Stored items:
--- START ---
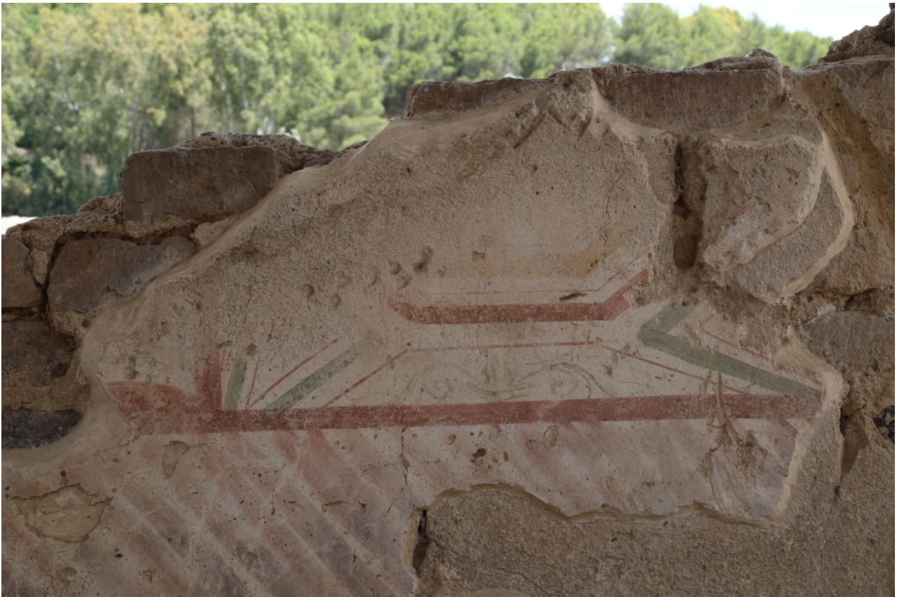
Fig. 6 - Parete decorata di un vano scavato nel 1980.
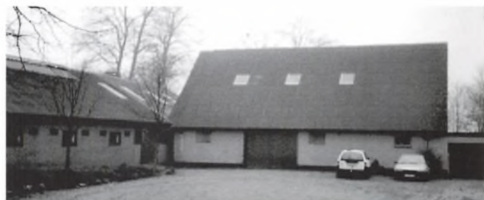
Det gamle stuehus fra 1864 blev i 1862 ændret til garage m. v.
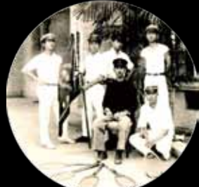
體育社團 — 網球。
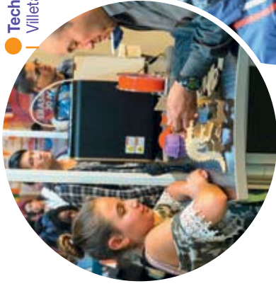
Technolab - IUT de Villetaiseuse Paris 13
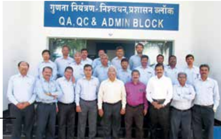
Training Programme on 'Strategy & Transformation'.
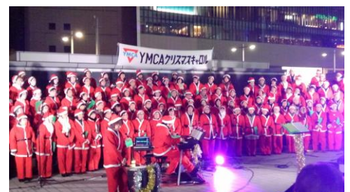
<クリスマスキャロル (過去開催の様子)>

イベントの概要は、 当社ホームページ http://www.towers.jp/ で随時ご紹介します。
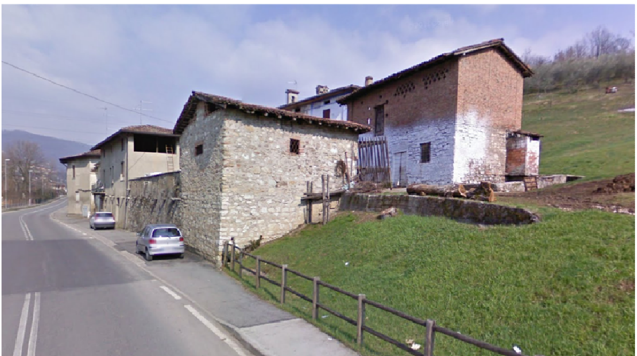
Immagine - Cascina
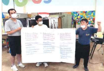
音を楽しむ活動で地域交流を
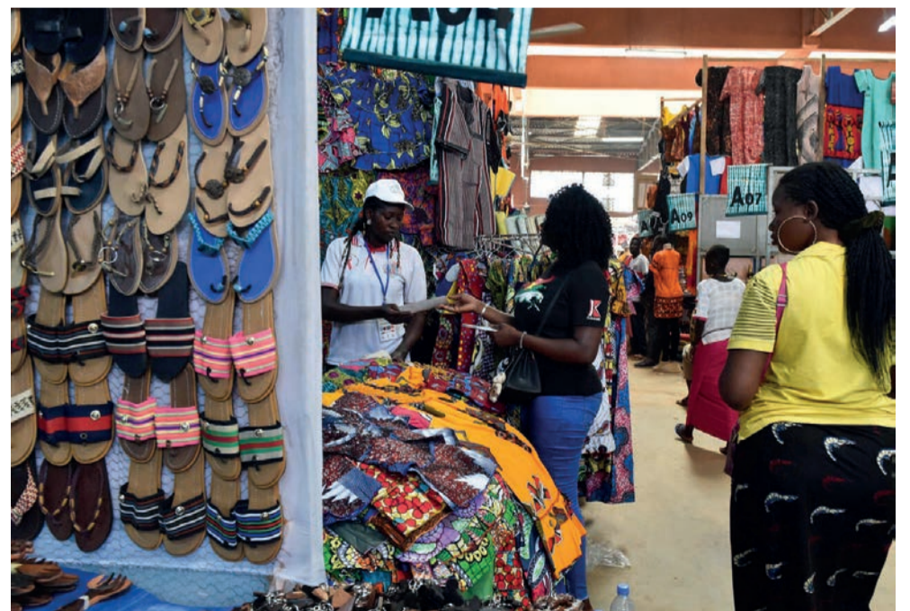
Une vue des stands

Le Salon international de l'artisanat de Ouagadougou (Siao) se tiendra du 28 octobre au 6 novembre prochain. Il va offrir un espace économique aux artistes producteurs qui viendront de différents pays africains pour promouvoir et commercialiser leurs produits auprès des professionnels et susciter des investissements nationaux et internationaux pour l'écllosion du secteur de l'artisanat en Afrique.
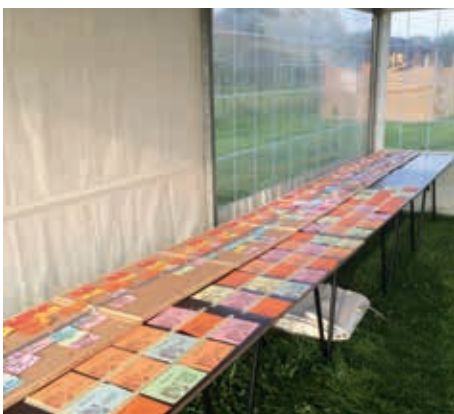
Tijdlijn en wist-je-datjes.
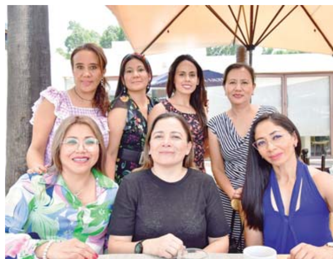
Compartieron las experiencias que les deja la crianza de sus hijos que estudian en el Liceo Federico Froebel.

El lente de Estilo Oaxaca captó este momento mientras realizaba su recorrido por los principales restaurantes de esta Verde Antequera, ellas dijeron sentirse muy felices por este momento familiar que esperan repetir próximamente. ¡Felicidades!
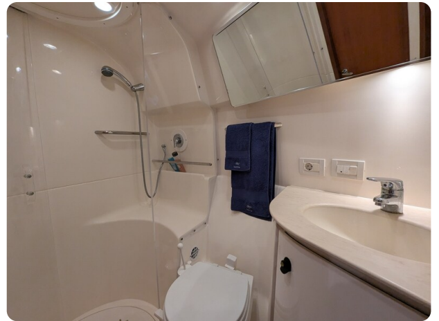
Tiara 3900 Conv. bathroom
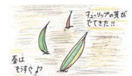
かほく市 まーさん
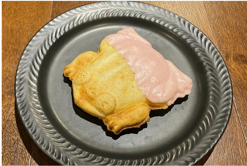
▲「カエル焼き (いちごチョコレート)」

魔女の谷にあるレストラン「空飛ぶオープン」の屋台では、たい焼きならぬ「カエル焼き」を販売しています。旬のいちごとバレンタインにちなみチョコレートを取り入れた新味を2月5日(水)～3月31日(月)の期間限定でお楽しみいただけます。
--- END ---
▶ **WORK TO COMPLETE**:
With the pictures removed, copy the data above word for word.

▶ **SOLUTION TO THIS EXERCISE**:
Fig. 6 - Parete decorata di un vano scavato nel 1980.
Det gamle stuehus fra 1864 blev i 1862 ændret til garage m. v.
體育社團 — 網球。
Technolab - IUT de Villetaiseuse Paris 13
Training Programme on 'Strategy & Transformation'.
<クリスマスキャロル (過去開催の様子)>

イベントの概要は、 当社ホームページ http://www.towers.jp/ で随時ご紹介します。
Immagine - Cascina
音を楽しむ活動で地域交流を
Une vue des stands

Le Salon international de l'artisanat de Ouagadougou (Siao) se tiendra du 28 octobre au 6 novembre prochain. Il va offrir un espace économique aux artistes producteurs qui viendront de différents pays africains pour promouvoir et commercialiser leurs produits auprès des professionnels et susciter des investissements nationaux et internationaux pour l'écllosion du secteur de l'artisanat en Afrique.
Tijdlijn en wist-je-datjes.
Compartieron las experiencias que les deja la crianza de sus hijos que estudian en el Liceo Federico Froebel.

El lente de Estilo Oaxaca captó este momento mientras realizaba su recorrido por los principales restaurantes de esta Verde Antequera, ellas dijeron sentirse muy felices por este momento familiar que esperan repetir próximamente. ¡Felicidades!
Tiara 3900 Conv. bathroom
かほく市 まーさん
▲「カエル焼き (いちごチョコレート)」

魔女の谷にあるレストラン「空飛ぶオープン」の屋台では、たい焼きならぬ「カエル焼き」を販売しています。旬のいちごとバレンタインにちなみチョコレートを取り入れた新味を2月5日(水)～3月31日(月)の期間限定でお楽しみいただけます。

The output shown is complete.